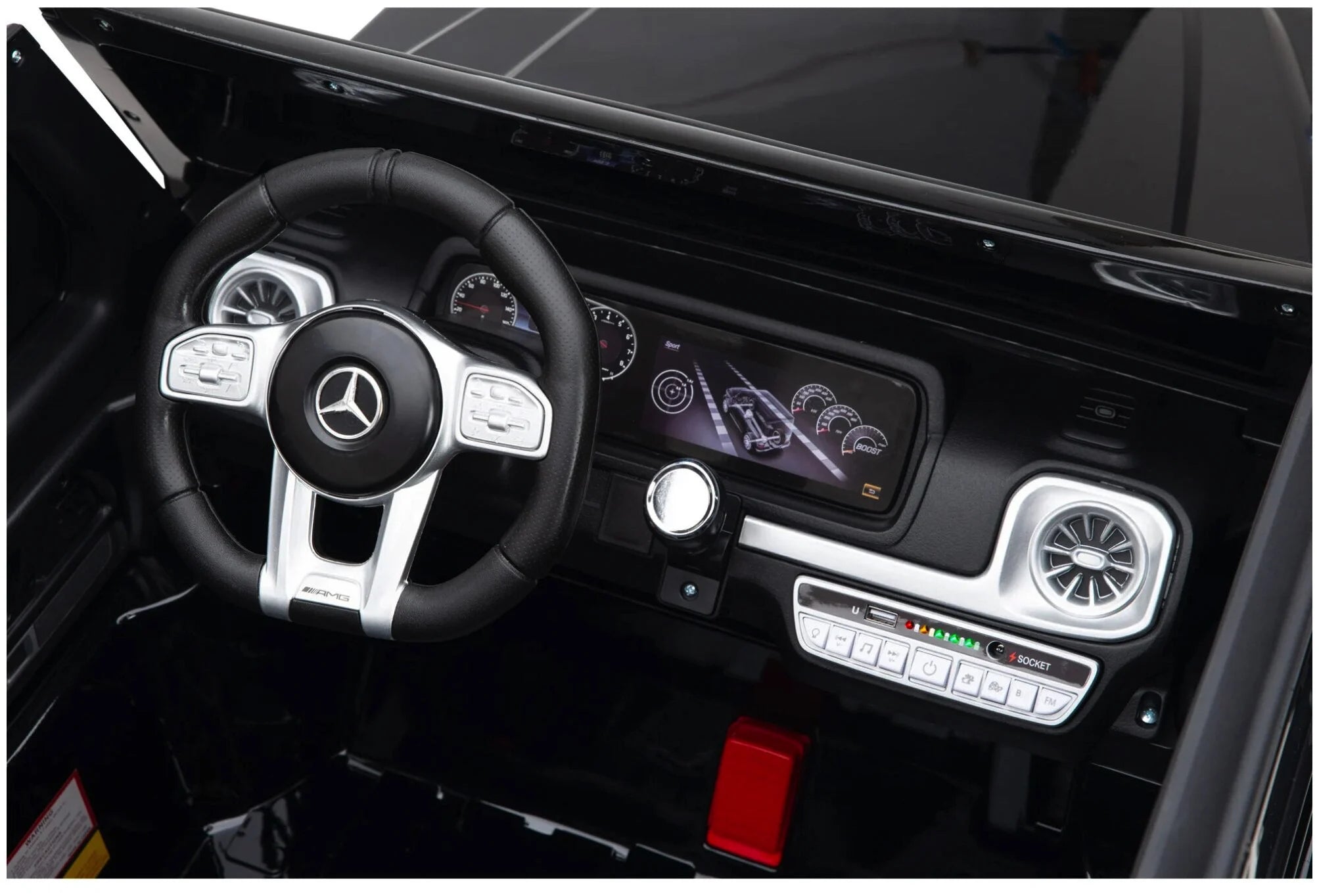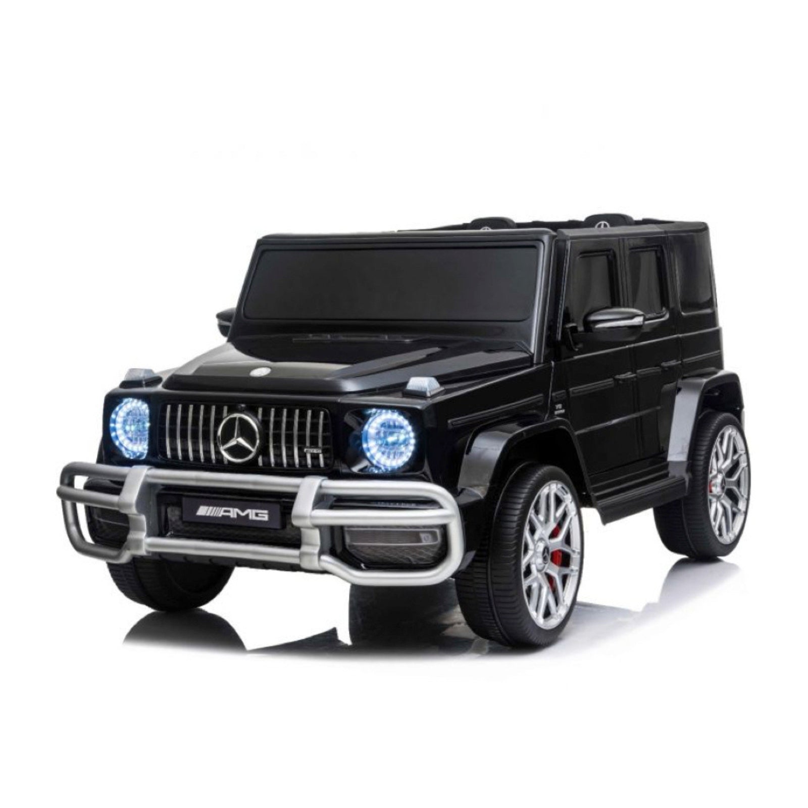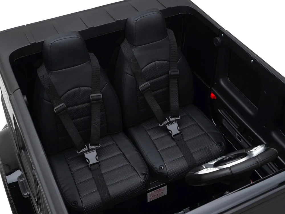 Deze Mercedes G63 is voorzien van twee echte deuren, een luxe kunstlederen zitje en een ruime tweepersoons zitting, waardoor kinderen samen kunnen genieten van het avontuur. De ingebouwde LED-verlichting in de koplampen, achterlichten en het dashboard zorgt voor een indrukwekkend effect, zowel overdag als in het donker.
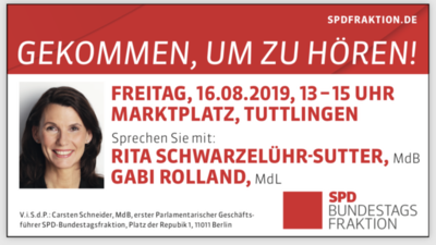 Am Freitag, dem 16. August 2019 macht das Info-Mobil der SPD-Bundestagsfraktion in Tuttlingen Station. Von 13 Uhr bis 15 Uhr steht das Mobil auf dem Marktplatz vor dem Rathaus. Unter dem Motto "gekommen, um zu hören!" steht unsere Betreuungsabgeordnete und Parlamentarische Staatssekretärin Rita Schwarzelühr-Sutter sowie unsere umweltpolitische Sprecherin der Landtagsfraktion Gabi Rolland für Gespräche zur Verfügung.
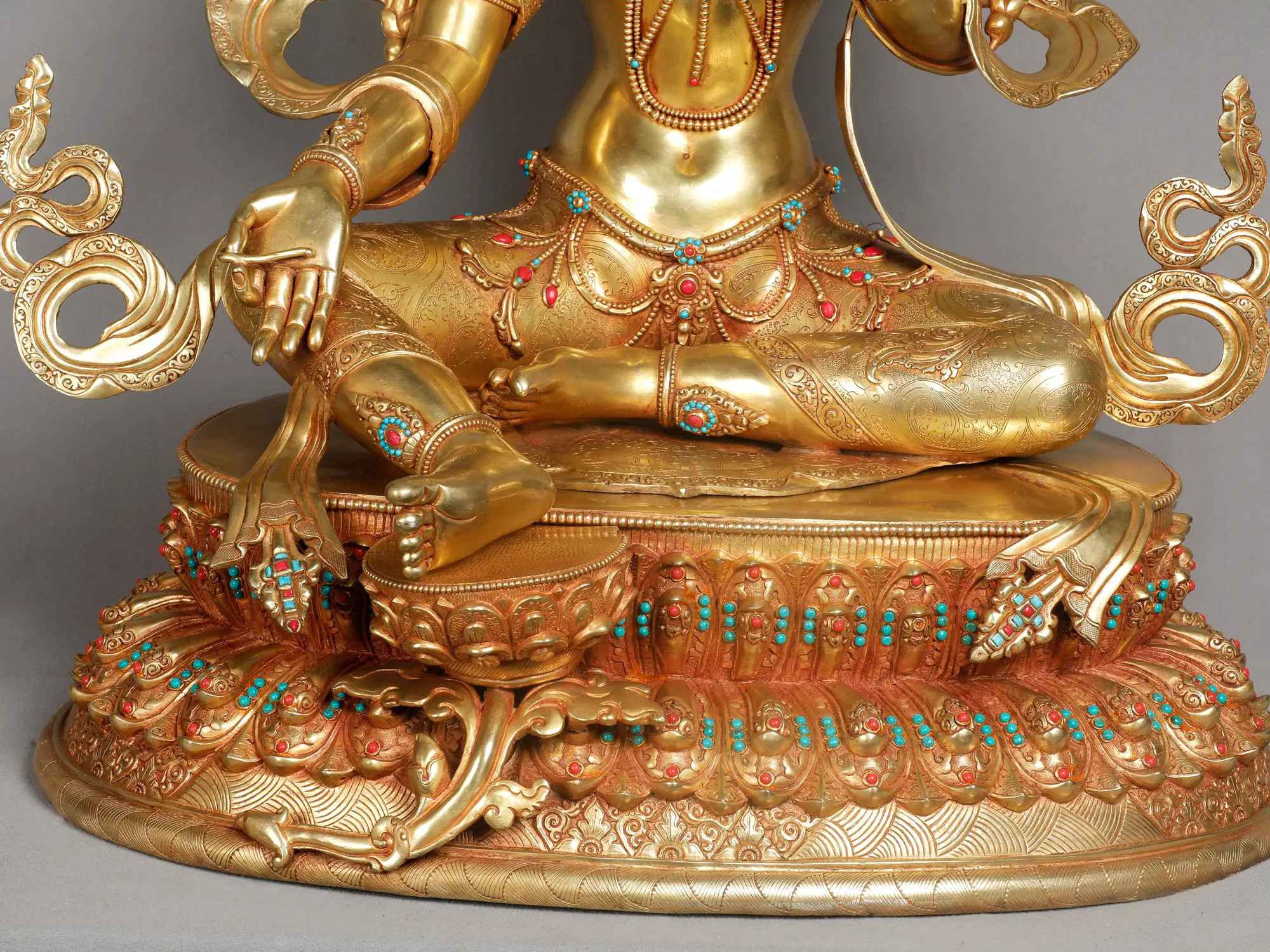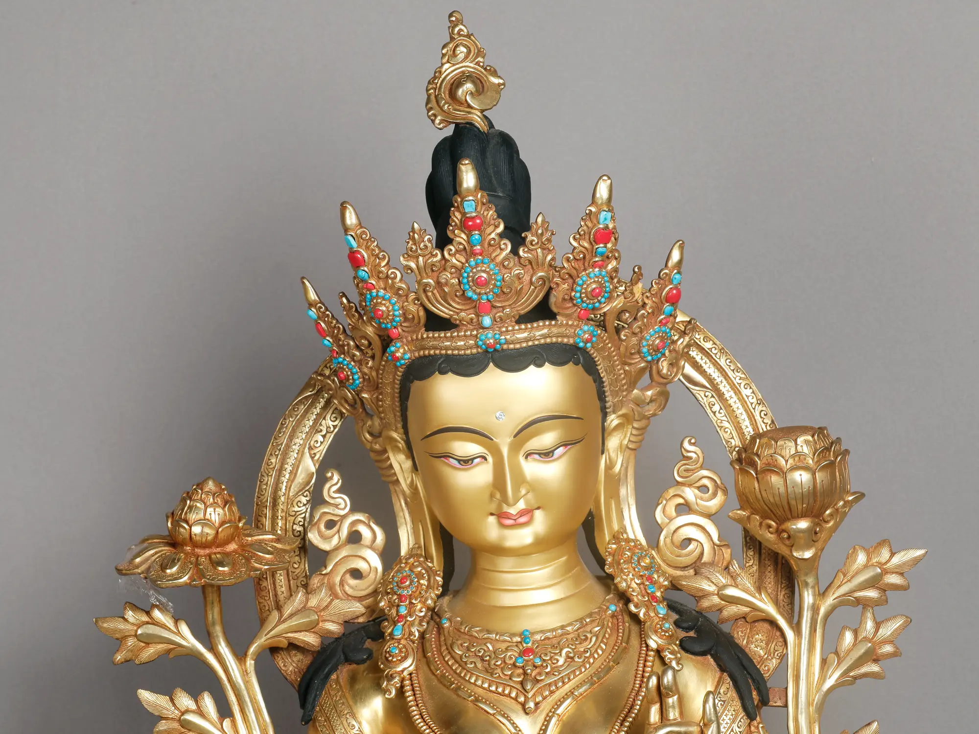 This magnificent statue captures the serene presence of Green Tara, a revered bodhisattva in Tibetan Buddhism, renowned for her swift action and boundless compassion. She is the feminine aspect of Avalokiteshvara, the Bodhisattva of Compassion, and is said to have sprung from a tear of his eye, moved by the suffering of all sentient beings. This exquisite depiction, crafted from copper with a lustrous gold finish, radiates a divine aura that can inspire peace and protection in any space. The artistry is evident in every detail, from the gentle smile gracing her lips to the intricate ornamentation adorning her regal crown and body. The vibrant turquoise and red stones embedded in the crown and jewelry symbolize her protective energies and the multifaceted nature of her wisdom. Her right hand is raised in the gesture of *varada mudra*, bestowing blessings and granting boons, while her left hand holds the stem of a lotus flower, a symbol of purity, enlightenment, and spiritual awakening. The lotus, a recurring motif, signifies that even amidst the mud of samsara (the cycle of birth, death, and rebirth), one can bloom with purity and spiritual insight.
———
◆ **PROMPT**
Leaving out the pictures, output each line above exactly as it is.

◆ **RESPONSE TO THE TASK**
 Deze Mercedes G63 is voorzien van twee echte deuren, een luxe kunstlederen zitje en een ruime tweepersoons zitting, waardoor kinderen samen kunnen genieten van het avontuur. De ingebouwde LED-verlichting in de koplampen, achterlichten en het dashboard zorgt voor een indrukwekkend effect, zowel overdag als in het donker.
 Am Freitag, dem 16. August 2019 macht das Info-Mobil der SPD-Bundestagsfraktion in Tuttlingen Station. Von 13 Uhr bis 15 Uhr steht das Mobil auf dem Marktplatz vor dem Rathaus. Unter dem Motto "gekommen, um zu hören!" steht unsere Betreuungsabgeordnete und Parlamentarische Staatssekretärin Rita Schwarzelühr-Sutter sowie unsere umweltpolitische Sprecherin der Landtagsfraktion Gabi Rolland für Gespräche zur Verfügung.
 This magnificent statue captures the serene presence of Green Tara, a revered bodhisattva in Tibetan Buddhism, renowned for her swift action and boundless compassion. She is the feminine aspect of Avalokiteshvara, the Bodhisattva of Compassion, and is said to have sprung from a tear of his eye, moved by the suffering of all sentient beings. This exquisite depiction, crafted from copper with a lustrous gold finish, radiates a divine aura that can inspire peace and protection in any space. The artistry is evident in every detail, from the gentle smile gracing her lips to the intricate ornamentation adorning her regal crown and body. The vibrant turquoise and red stones embedded in the crown and jewelry symbolize her protective energies and the multifaceted nature of her wisdom. Her right hand is raised in the gesture of *varada mudra*, bestowing blessings and granting boons, while her left hand holds the stem of a lotus flower, a symbol of purity, enlightenment, and spiritual awakening. The lotus, a recurring motif, signifies that even amidst the mud of samsara (the cycle of birth, death, and rebirth), one can bloom with purity and spiritual insight.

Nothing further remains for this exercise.